Но я скажу лишь так:
Нужны мы вам,
Вы – властелин богатства,
А мы – его рабы.
Но мы хотим от государства
Поддержки, помощи и любви.
Знаю, конец не за горами,
Возложит он на вас венец,
И придет всему конец:
Гнету, смраду, голоду.
Восстанем ж наконец!
В наступившей тишине Фундук встал и так громко захлопал в ладоши, что позади него затрясся шкаф.
– Браво! Браво! Всеми руками-ногами «за», есть такая проблема-с.
– А в чем здесь смазливость? – сказал Йозеф. – Ну да, строчку про «поддержку, помощь и любовь» со стороны НРП я бы убрал, но в чем проблема-то? Как есть, голая правда жизни.
– Увы, нет, – сказал Иосиф и вздохнул. – Тут просто у нас одна есть дама, зовут ее Джута. Она вообще, похоже, не любит меня.
– Господи, да плюнь на эту сучку!
– Я бы плюнул, если бы она не была главным редактором клубной газеты «Известия». По сути… по иерархии она второй человек по старшинству после Ульриха, его правая рука, и достаточно много людей, кто к ее мнению прислушивается.
– И чего, у них своего мнения вообще нет?
– Даже если есть, многие из газеты боятся его высказывать, не хотят с ней связываться.
– Так и плюнь на это.
– Но я хочу попасть в редакцию. Мне интересно, хочется тоже быть как можно ближе к клубу.
– А я считаю-с, – сказал Фундук, – это потому, что она опасается, – ИК! – как бы ты чего такого не написал-с. Сразу после выпуска в массы все закроют-с.
– Нет, клуб пишет исключительно для себя, и наши газеты, как правило, не покидают его стен. Я читал пару выпусков, которые Министерство пропаганды и цензуры просто не пропустило бы. А насчет Джуты – я и не думал, что она такая категоричная.
– Почему она на тебя так-с?
– Потому что я не просто так рассказывал ей стихотворение; оно должно было стать моей «визитной карточкой» в редакцию. А Джута просто разгромила меня!
– Значит, ты ей нравишься-с.
– Если бы так… Это еще ладно, она меня лжецом представила. Говорит: «Мол, не пахал и теперь что-то вякаешь про работу! Иди лучше и сам поработай, я-то вот в пекарне третий месяц уже работаю по восемь часов, сама знаю, что такое труд». Я же не оставил ее слова просто так и пообещал, что устроюсь.
Фундук неожиданно вскочил и всплеснул руками.
– Надо же-с: три месяца в пекарне – только подумать-с! А я-то, я уже двенадцать лет-с как на гробу своем несу, разгружаю товары на фабрике-с. И ничего, терплю-с!

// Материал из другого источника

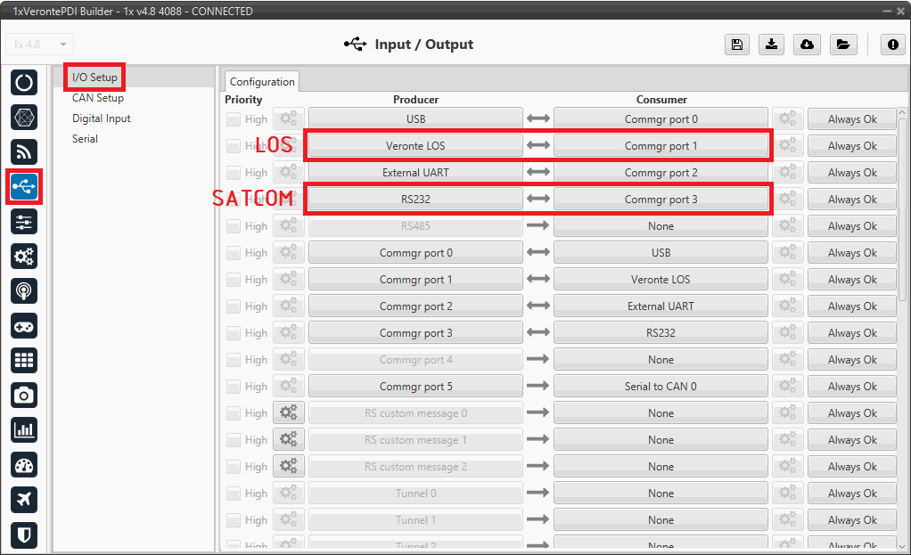 Serial ports: Veronte LOS, RS232, RS485 and External UART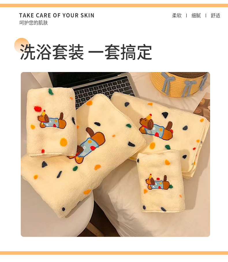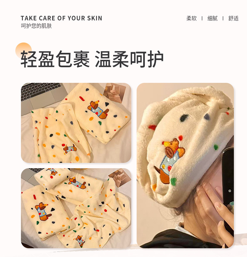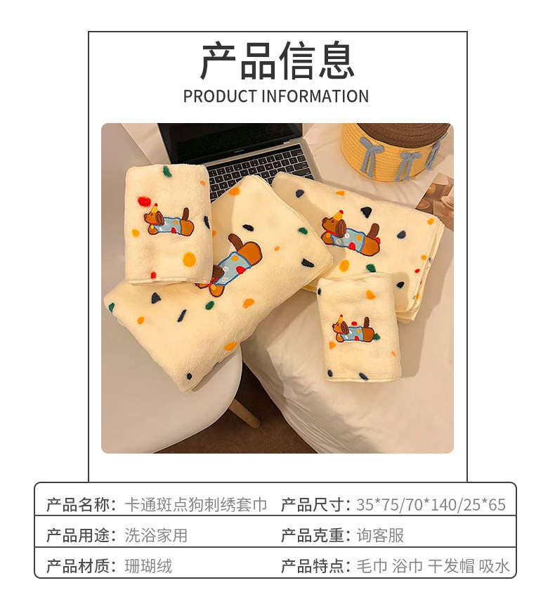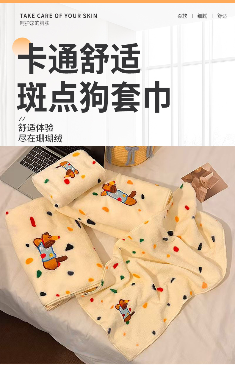 도매 만화 닥스 훈트 개 목욕 타월 여성 가정용 수건 드라이 헤어 캡 목욕 타월 3 피스 세트 흡수성 산호 양털 수건스토어 가기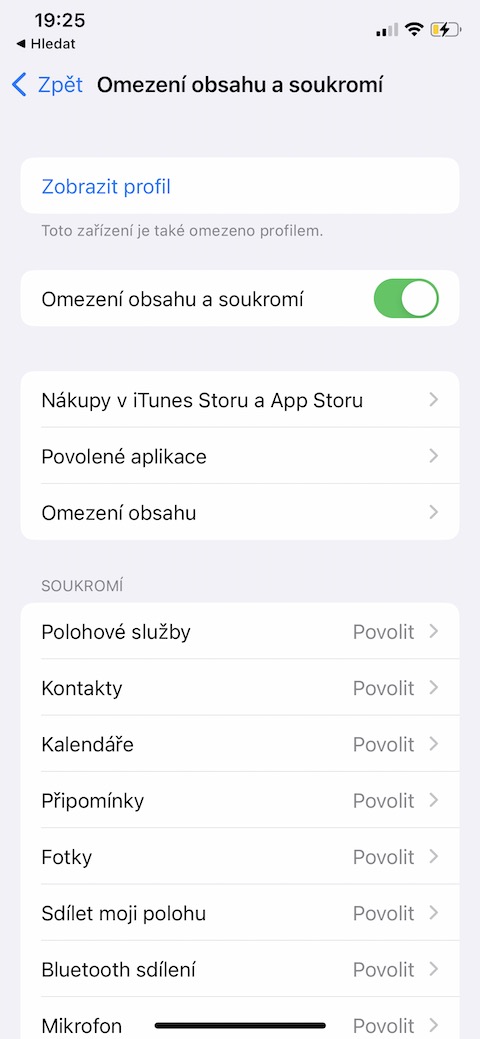 Tato příčina je sice u většiny dospělých uživatelů nepravděpodobná. Pokud ale na svém zařízení například vůbec nenacházíte App Store, vyzkoušejte tento postup.. Na iPhonu spusťte Nastavení -> Čas u obrazovky -> Omezení obsahu a soukromí, a ujistěte se, že nemáte v sekci Nákupy v iTunes Storu a App Storu zakázanou instalaci aplikací.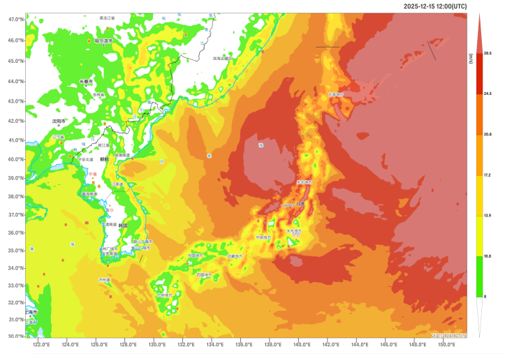 Figure 2 Maximum Gust Speeds in 24 Hours as of 12:00 (UTC) on December 15 (Unit: m/s)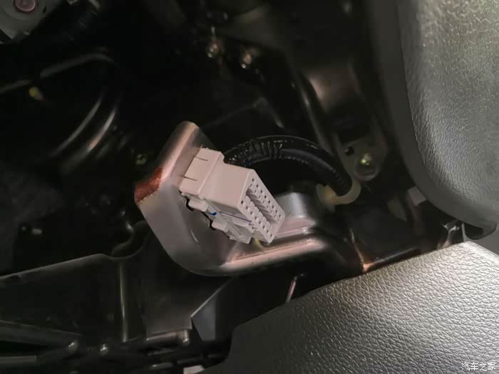 首先要找到车辆的OBD接口,本田缤智的在方向盘下方,油门踏板的上面一点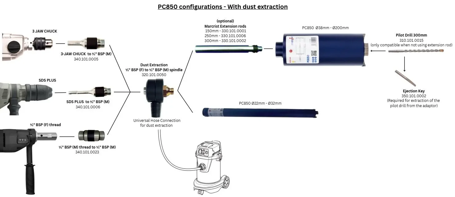 ½" BSP (F) to ½" BSP (M) spindle. Professional Dust Free Dry Drilling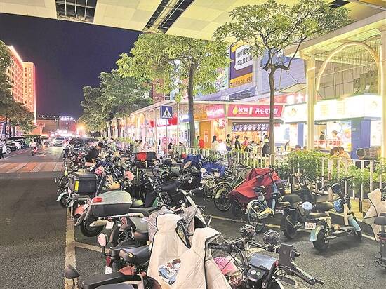 连日来,记者多次走访该商圈发现,鸿福路南侧的人行通道上自行车和电动车杂乱无章地堆放在一起,车堆最外侧已经逼近盲道,场面“壮观”。“这边人和车都太多了,我们只能‘见缝插针’。”不少骑着电动自行车前来逛商场的市民表示,由于莱蒙商业中心和东莞印象汇商场门口的广场上均不允许停放自行车和电动车,因此他们一般都选择将车停在人行通道上。这让原本宽阔的人行通道也变得越来越窄,影响行人和非机动车正常通行,也堵塞消防通道。而商圈中的亨元路美食街内的电动车停放更是拥挤不堪。亨元路美食街地处莱蒙商业中心和东莞印象汇两个商场中间,长约100米,热闹的夜市吸引了大量客流。记者现场看到,该条美食街内并未划设电动车停放区域,不少电动车直接停放在黄色网格线内或机动车停车位上。

Он с грохотом плюхнулся в кресло, несколько книг с полок упали, и Иосиф даже вздрогнул от столь внезапной вспышки, уставился на Йозефа. Тот улыбнулся, положил руку ему на плечо и сказал:
– Не сердись, просто сегодня у нас тоже был трудный день.
– Вы что, работали?
– Да, решили взять подработку на сегодня, чтобы заработать пару лишних монет. Там сейчас такие страсти происходят! Короче, вот, послушай.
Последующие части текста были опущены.